Step 2: Use full-strength vinegar for stubborn water stains. Spray it on with a spray bottle. Let it sit for 5 minutes to dissolve the mineral salts, and then scrub the stains with a toothbrush and wipe them off with a cloth.
Step 3: Soak a paper towel in vinegar and wrap it around a faucet with particularly stubborn stains. Leave the faucet covered overnight or until the white spots are gone.
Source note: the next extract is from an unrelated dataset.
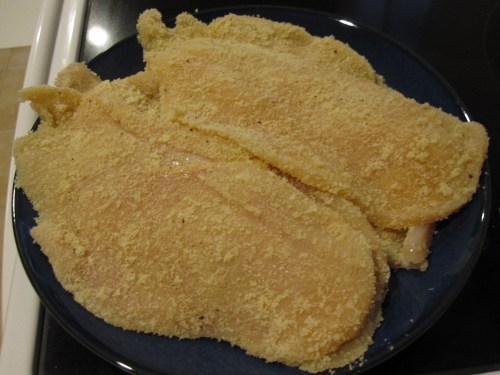 I purchased chicken breasts that were already sliced thin. If you are using regular chicken breasts you can slice them in half and pound them out. This is a bit easier if the chicken is still semi-frozen or if you buy it fresh, you can put it in the freezer for a few minutes to make it easier to slice.

Step 4: Pour some baking soda in a bowl, and moisten it with water to make a paste. Use this paste to scrub the faucet after you've finished treating it with vinegar. The baking soda treatment removes residual stains, and it neutralizes the vinegar so it doesn't etch the chrome. Wash the faucet with plenty of water when you're done.
Step 5: Polish the chrome with an automotive chrome-polishing product. Apply the polish with a soft cloth and buff it with another clean, dry, soft cloth.
Tips & Warnings
- A commercial lime-removing cleaner will do the same job as vinegar. Follow the directions on the container for best results.
- Use dental floss to get soap scum and other dirt from hard-to-reach areas around the base of the faucet, or between the handles and the faucet body. After you loosen the dirt and get it out in the open, rinse the faucet with water to wash the dirt away.
- Avoid any type of abrasive cleaner or any cleaner containing strong acid, such as phosphoric, hydrofluoric or hydrochloric acid. You should also avoid caustic cleaners and those that contain chlorine bleach.